Dataset records START
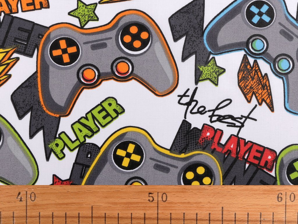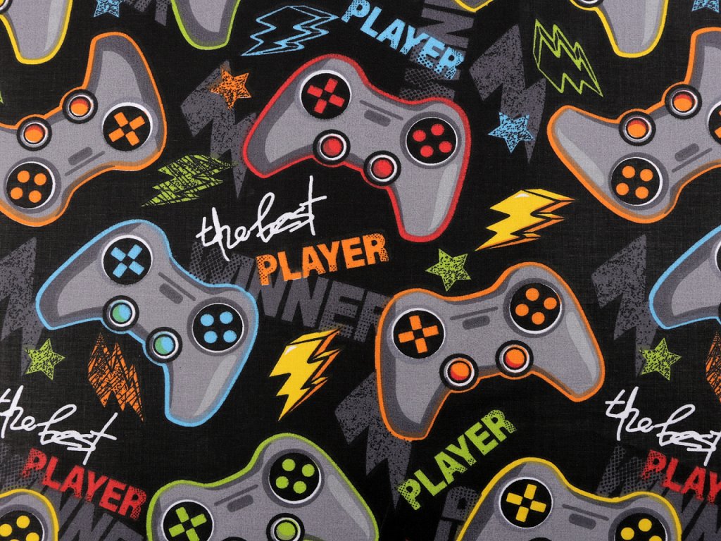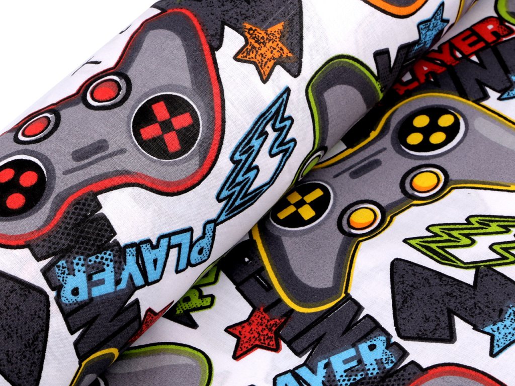 Bavlněnou látku zdobí obrázky herních konzolí, které ocení nejen mladší, ale i starší generace herních nadšenců. Je vhodná na šití polštářů, povlečení, hnízd pro děti, kapsářů, tašek, pytlíků apod.
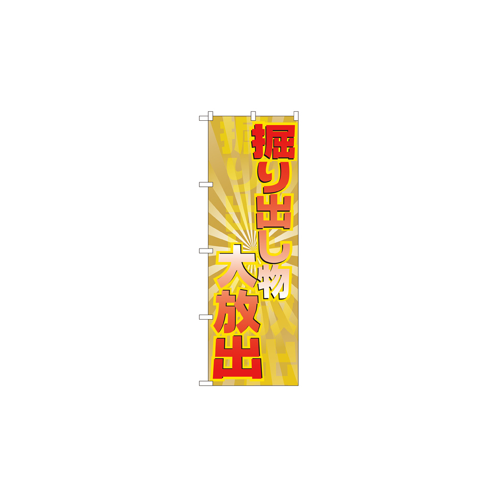 店舗やお店を盛り上げるのぼり旗。表示内容は、掘り出し物大放出です。
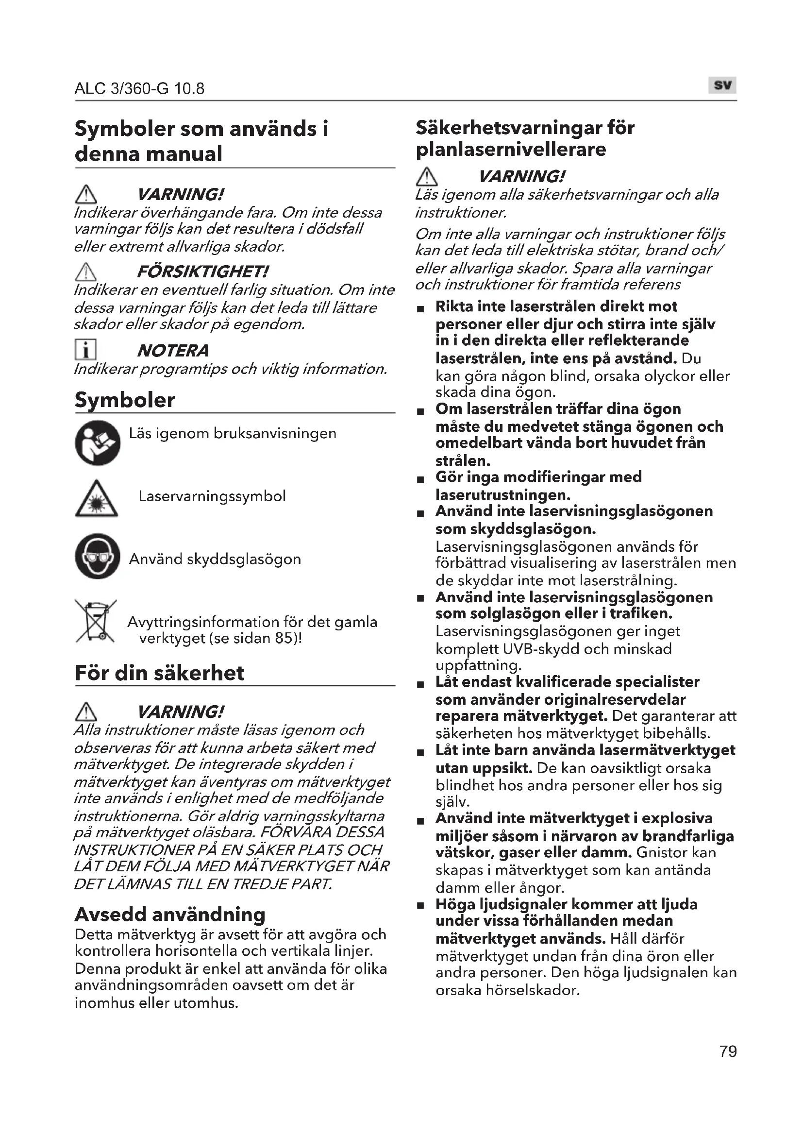 Ikke prøv å reparere eller demontere produktet. Enhver reparasjon eller demontering som kreves på dette produktet skal kun utføres av autorisert servicepersonell, ellers kan alvorlig personskade oppstå. Reservedeler og tilbehør Forstørrede tegninger og lister over reservedeler finner du på hjemmesiden vår: www.flex-tools.com Informasjon om avfallshåndtering ADVARSEL! Gjør overflødige verktøy ubrukelige: nettdrevet verktøy ved å ta ut strømledningen, batteridrevet verktøy ved å fjerne batteriet. Kun EU-landIkke kast elektroverktøy med husholdningsavfall!I samsvar med det europeiske direktivet 2012/19 / EC om avfall elektrisk og elektronisk utstyr og innføring i nasjonal lovgivning må elektriske verktøy samles inn separat og resirkuleres på en miljøvennlig måte.Gjenvinning av råvarer i stedet for avfallshåndtering. Enheten, tilbehøret og emballasjen skal resirkuleres på en miljøvennlig måte. Plastdeler er identifisert for resirkulering etter materialtype. ADVARSEL! Ikke kast batterier i husholdningsavfall, ild eller vann. Ikke åpne brukte batterier. Kun EU-land:I henhold til direktiv 2006/66/EF må defekte eller brukte batterier resirkuleres. MERK Spør forhandleren din om hvilke alternativer du har for avfallshåndtering! - Samsvarserklæring Vi erklærer på eget ansvar at produktet som er beskrevet under “Tekniske spesifikasjoner”, overholder følgende standarder eller normative dokumenter:EN 60745 i samsvar med forskriftene i direktivene 2014/30 / EC, 2006/42 / EC, 2011/65 / EC.Ansvarlig for tekniske dokumenter: FLEX-Elektrowerkzeuge GmbH, R & DBahnhofstrasse 15, D-71711 Steinheim/Murr Peter Lameli Klaus Peter WeinperTechnical Head Head of Quality Department (QD)01.01.2021; FLEX-Elektrowerkzeuge GmbH Bahnhofstrasse 15, D-71711 Steinheim/Murr Fritak fra ansvar Produsenten og hans representant er ikke ansvarlig for skader og tapt fortjeneste på grunn av avbrudd i virksomheten forårsaket av produktet eller av et ubrukbart produkt. Produsenten og hans representant er ikke ansvarlig for skader som er forårsaket av feil bruk av produktet eller ved bruk av produktet med produkter fra andre produsenter.79 ALC 3/360-G 10.8 Symboler som används i denna manual VARNING! Indikerar överhängande fara. Om inte dessa varningar följs kan det resultera i dödsfall eller extremt allvarliga skador. FÖRSIKTIGHET! Indikerar en eventuell farlig situation. Om inte dessa varningar följs kan det leda till lättare skador eller skador på egendom. NOTERA Indikerar programtips och viktig information. Symboler Läs igenom bruksanvisningen Laservarningssymbol Använd skyddsglasögon Avyttringsinformation för det gamla verktyget (se sidan 85)! För din säkerhet VARNING! Alla instruktioner måste läsas igenom och observeras för att kunna arbeta säkert med mätverktyget. De integrerade skydden i mätverktyget kan äventyras om mätverktyget inte används i enlighet med de medföljande instruktionerna. Gör aldrig varningsskyltarna på mätverktyget oläsbara. FÖRVARA DESSA INSTRUKTIONER PÅ EN SÄKER PLATS OCH LÅT DEM FÖLJA MED MÄTVERKTYGET NÄR DET LÄMNAS TILL EN TREDJE PART. Avsedd användning Detta mätverktyg är avsett för att avgöra och kontrollera horisontella och vertikala linjer.Denna produkt är enkel att använda för olika användningsområden oavsett om det är inomhus eller utomhus. Säkerhetsvarningar för planlasernivellerare VARNING! Läs igenom alla säkerhetsvarningar och alla instruktioner. Om inte alla varningar och instruktioner följs kan det leda till elektriska stötar, brand och/ eller allvarliga skador. Spara alla varningar och instruktioner för framtida referens
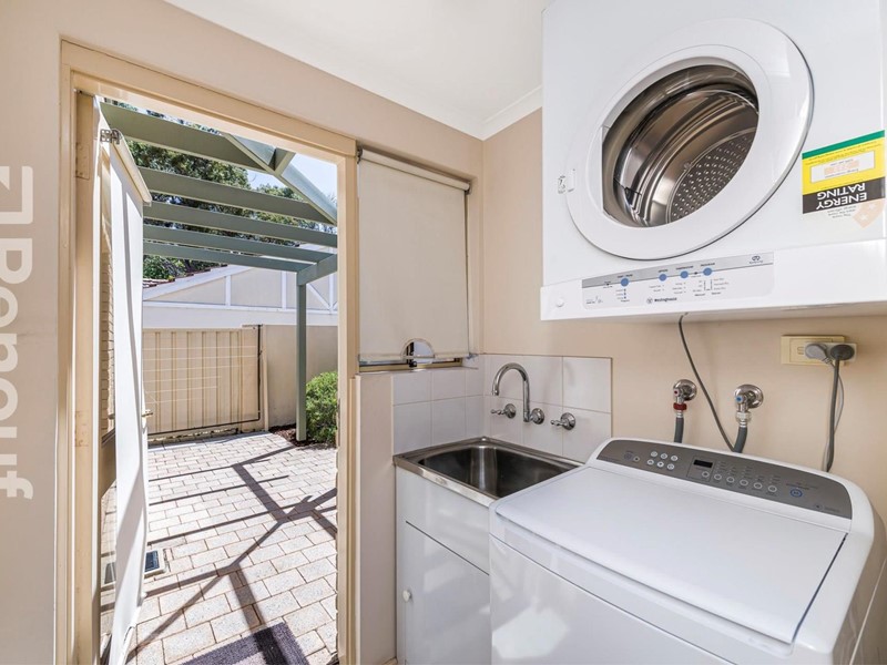 With not a step in sight, this spacious (91sqm), private and secure villa, is located in a complex of only 7 units, close to the Peace Memorial Rose Garden. For those who don’t drive, it is just 120m from the Stirling Highway bus route, and 600m to the Taylor Road IGA (450m to the now under construction Woolworths store, behind the Captain Stirling Hotel).
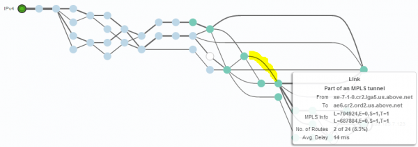 Looking at one of the problematic links (highlighted in yellow) via the IPv6 path, we can see a high delay and loss rate (See Figure 16). We also see that this link is part of an MPLS tunnel.
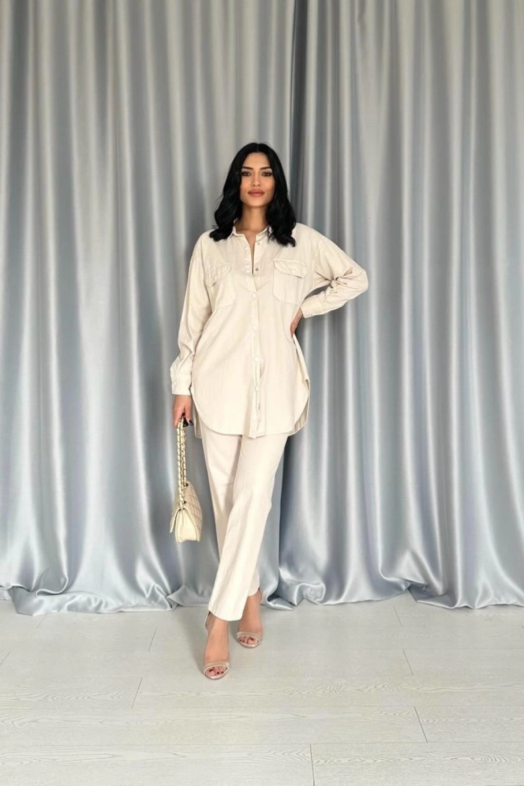 Bej Gömlek Ve Çıtçıtlı Pantolon Takım
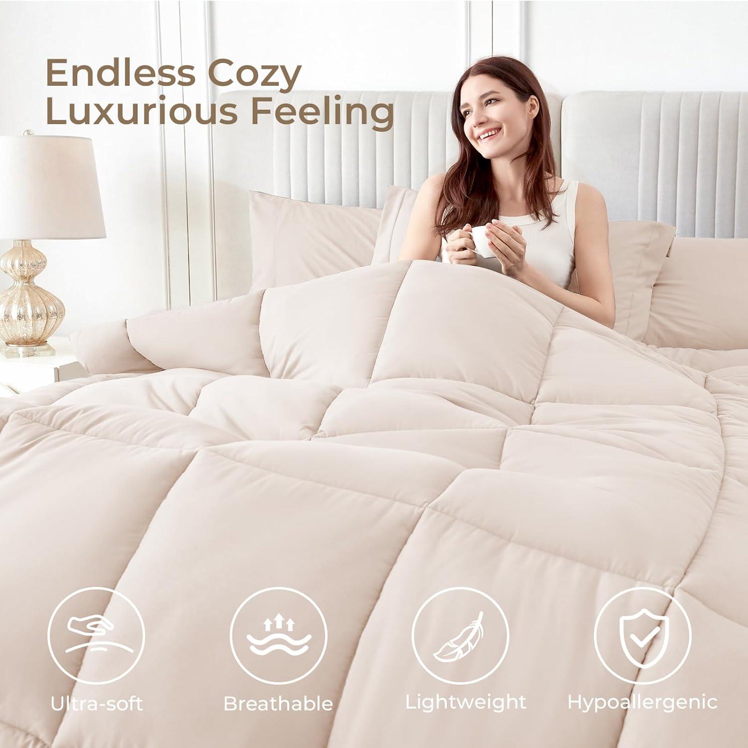 All Season Warmth: Filled with 280GSM down alternative filling, our comforter strikes a great balance between lightweight and warmth. Its sewn through design also prevents filling from shifting or bunching, keeps the filling in place for long-lasting use
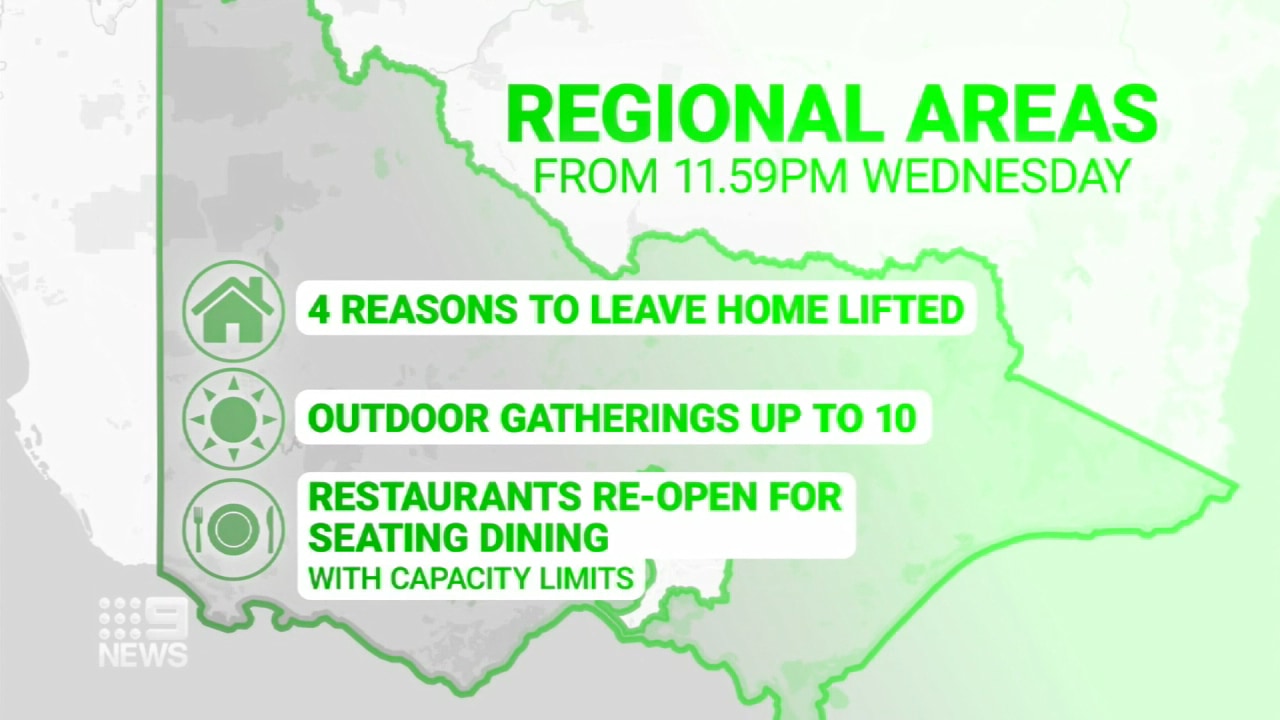 Auctions will be limited to 10 people, plus the minimum amount of people required to facilitate the sale and those selling the house. Regional victoria changes restrictions will ease in regional victoria this week, as a cautious pause is placed on the lockdown being lifted in metropolitan melbourne due to an outbreak in the northern suburbs. Curfew would be lifted and there will no longer be restrictions on leaving the home, with gatherings of 10 people outdoors allowed. What are the main changes? Victoria's current restrictions won't be eased until at least may 11.
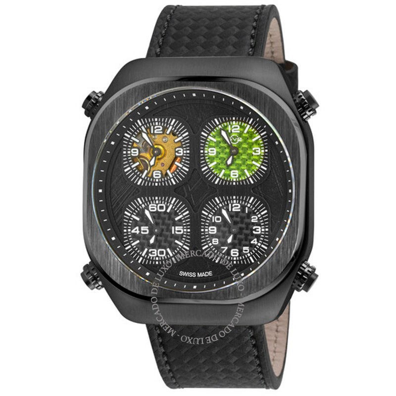 O Gv2 By Gevril Quattro Quartz Mostrador Preto 54 mm Equilibra herança e desenho atual em proporções bem resolvidas. Caixa em aço inoxidável, Mostrador preto, 54 mm.
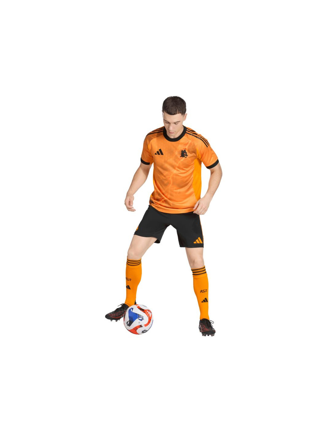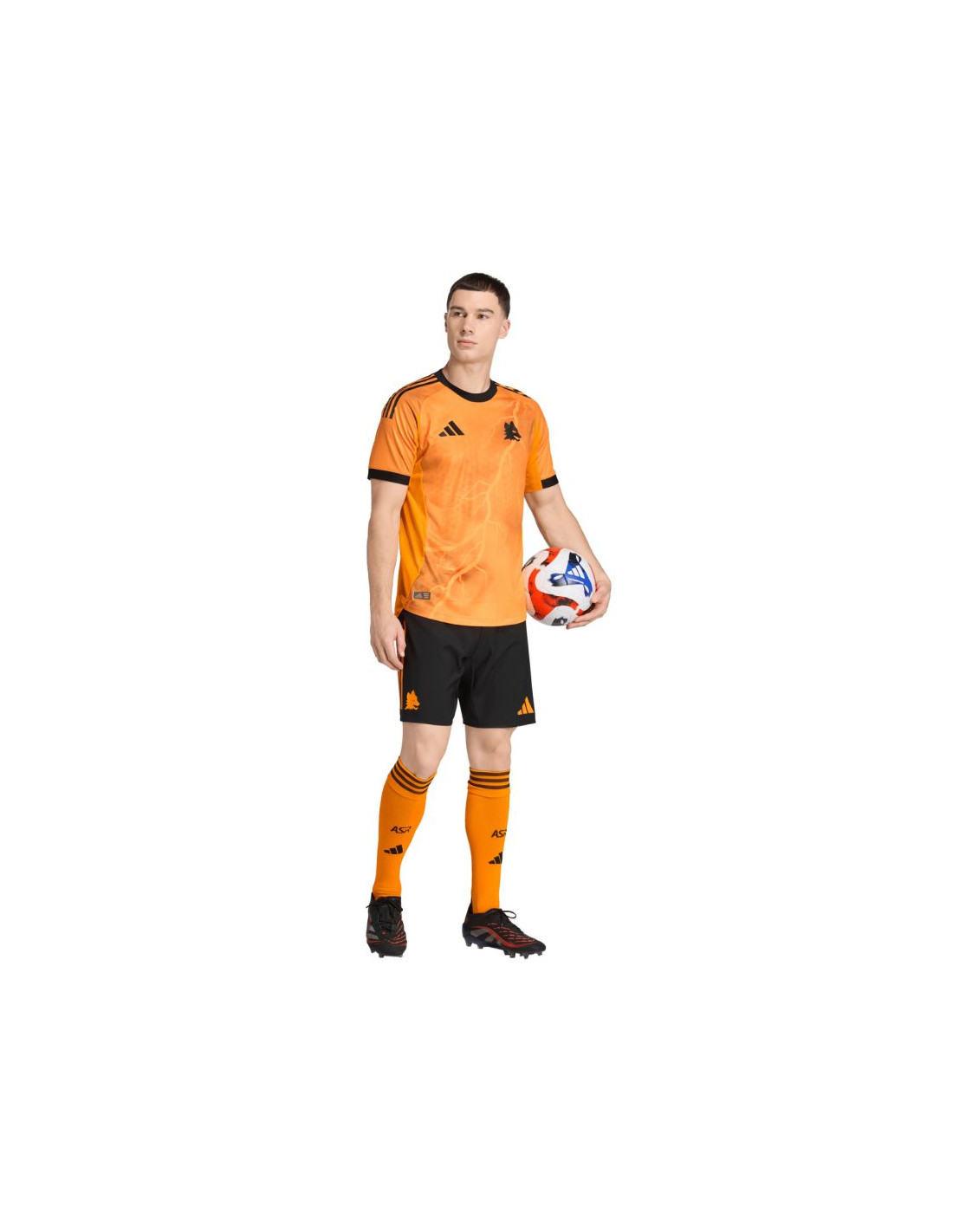 Koszulka męska adidas AS Roma 25/26 pomarańczowa JP4801 Koszulka męska AS Roma od adidas łączy styl i komfort na boisku. Dopasowany krój i zaokrąglony dekolt zapewniają wygodę podczas gry, a lekki materiał z poliestru pochodzącego z recyklingu gwarantuje pełną swobodę ruchów. Logo AS Roma naniesione termotransferem dodaje koszulce charakteru i klubowego prestiżu. Materiał: 100% poliester pochodzący z recyklingu
Dataset records END
Activity: Make an exact copy of every record, pictures excluded.

Finished exercise:
 Bavlněnou látku zdobí obrázky herních konzolí, které ocení nejen mladší, ale i starší generace herních nadšenců. Je vhodná na šití polštářů, povlečení, hnízd pro děti, kapsářů, tašek, pytlíků apod.
 店舗やお店を盛り上げるのぼり旗。表示内容は、掘り出し物大放出です。
 Ikke prøv å reparere eller demontere produktet. Enhver reparasjon eller demontering som kreves på dette produktet skal kun utføres av autorisert servicepersonell, ellers kan alvorlig personskade oppstå. Reservedeler og tilbehør Forstørrede tegninger og lister over reservedeler finner du på hjemmesiden vår: www.flex-tools.com Informasjon om avfallshåndtering ADVARSEL! Gjør overflødige verktøy ubrukelige: nettdrevet verktøy ved å ta ut strømledningen, batteridrevet verktøy ved å fjerne batteriet. Kun EU-landIkke kast elektroverktøy med husholdningsavfall!I samsvar med det europeiske direktivet 2012/19 / EC om avfall elektrisk og elektronisk utstyr og innføring i nasjonal lovgivning må elektriske verktøy samles inn separat og resirkuleres på en miljøvennlig måte.Gjenvinning av råvarer i stedet for avfallshåndtering. Enheten, tilbehøret og emballasjen skal resirkuleres på en miljøvennlig måte. Plastdeler er identifisert for resirkulering etter materialtype. ADVARSEL! Ikke kast batterier i husholdningsavfall, ild eller vann. Ikke åpne brukte batterier. Kun EU-land:I henhold til direktiv 2006/66/EF må defekte eller brukte batterier resirkuleres. MERK Spør forhandleren din om hvilke alternativer du har for avfallshåndtering! - Samsvarserklæring Vi erklærer på eget ansvar at produktet som er beskrevet under “Tekniske spesifikasjoner”, overholder følgende standarder eller normative dokumenter:EN 60745 i samsvar med forskriftene i direktivene 2014/30 / EC, 2006/42 / EC, 2011/65 / EC.Ansvarlig for tekniske dokumenter: FLEX-Elektrowerkzeuge GmbH, R & DBahnhofstrasse 15, D-71711 Steinheim/Murr Peter Lameli Klaus Peter WeinperTechnical Head Head of Quality Department (QD)01.01.2021; FLEX-Elektrowerkzeuge GmbH Bahnhofstrasse 15, D-71711 Steinheim/Murr Fritak fra ansvar Produsenten og hans representant er ikke ansvarlig for skader og tapt fortjeneste på grunn av avbrudd i virksomheten forårsaket av produktet eller av et ubrukbart produkt. Produsenten og hans representant er ikke ansvarlig for skader som er forårsaket av feil bruk av produktet eller ved bruk av produktet med produkter fra andre produsenter.79 ALC 3/360-G 10.8 Symboler som används i denna manual VARNING! Indikerar överhängande fara. Om inte dessa varningar följs kan det resultera i dödsfall eller extremt allvarliga skador. FÖRSIKTIGHET! Indikerar en eventuell farlig situation. Om inte dessa varningar följs kan det leda till lättare skador eller skador på egendom. NOTERA Indikerar programtips och viktig information. Symboler Läs igenom bruksanvisningen Laservarningssymbol Använd skyddsglasögon Avyttringsinformation för det gamla verktyget (se sidan 85)! För din säkerhet VARNING! Alla instruktioner måste läsas igenom och observeras för att kunna arbeta säkert med mätverktyget. De integrerade skydden i mätverktyget kan äventyras om mätverktyget inte används i enlighet med de medföljande instruktionerna. Gör aldrig varningsskyltarna på mätverktyget oläsbara. FÖRVARA DESSA INSTRUKTIONER PÅ EN SÄKER PLATS OCH LÅT DEM FÖLJA MED MÄTVERKTYGET NÄR DET LÄMNAS TILL EN TREDJE PART. Avsedd användning Detta mätverktyg är avsett för att avgöra och kontrollera horisontella och vertikala linjer.Denna produkt är enkel att använda för olika användningsområden oavsett om det är inomhus eller utomhus. Säkerhetsvarningar för planlasernivellerare VARNING! Läs igenom alla säkerhetsvarningar och alla instruktioner. Om inte alla varningar och instruktioner följs kan det leda till elektriska stötar, brand och/ eller allvarliga skador. Spara alla varningar och instruktioner för framtida referens
 With not a step in sight, this spacious (91sqm), private and secure villa, is located in a complex of only 7 units, close to the Peace Memorial Rose Garden. For those who don’t drive, it is just 120m from the Stirling Highway bus route, and 600m to the Taylor Road IGA (450m to the now under construction Woolworths store, behind the Captain Stirling Hotel).
 Looking at one of the problematic links (highlighted in yellow) via the IPv6 path, we can see a high delay and loss rate (See Figure 16). We also see that this link is part of an MPLS tunnel.
 Bej Gömlek Ve Çıtçıtlı Pantolon Takım
 All Season Warmth: Filled with 280GSM down alternative filling, our comforter strikes a great balance between lightweight and warmth. Its sewn through design also prevents filling from shifting or bunching, keeps the filling in place for long-lasting use
 Auctions will be limited to 10 people, plus the minimum amount of people required to facilitate the sale and those selling the house. Regional victoria changes restrictions will ease in regional victoria this week, as a cautious pause is placed on the lockdown being lifted in metropolitan melbourne due to an outbreak in the northern suburbs. Curfew would be lifted and there will no longer be restrictions on leaving the home, with gatherings of 10 people outdoors allowed. What are the main changes? Victoria's current restrictions won't be eased until at least may 11.
 O Gv2 By Gevril Quattro Quartz Mostrador Preto 54 mm Equilibra herança e desenho atual em proporções bem resolvidas. Caixa em aço inoxidável, Mostrador preto, 54 mm.
 Koszulka męska adidas AS Roma 25/26 pomarańczowa JP4801 Koszulka męska AS Roma od adidas łączy styl i komfort na boisku. Dopasowany krój i zaokrąglony dekolt zapewniają wygodę podczas gry, a lekki materiał z poliestru pochodzącego z recyklingu gwarantuje pełną swobodę ruchów. Logo AS Roma naniesione termotransferem dodaje koszulce charakteru i klubowego prestiżu. Materiał: 100% poliester pochodzący z recyklingu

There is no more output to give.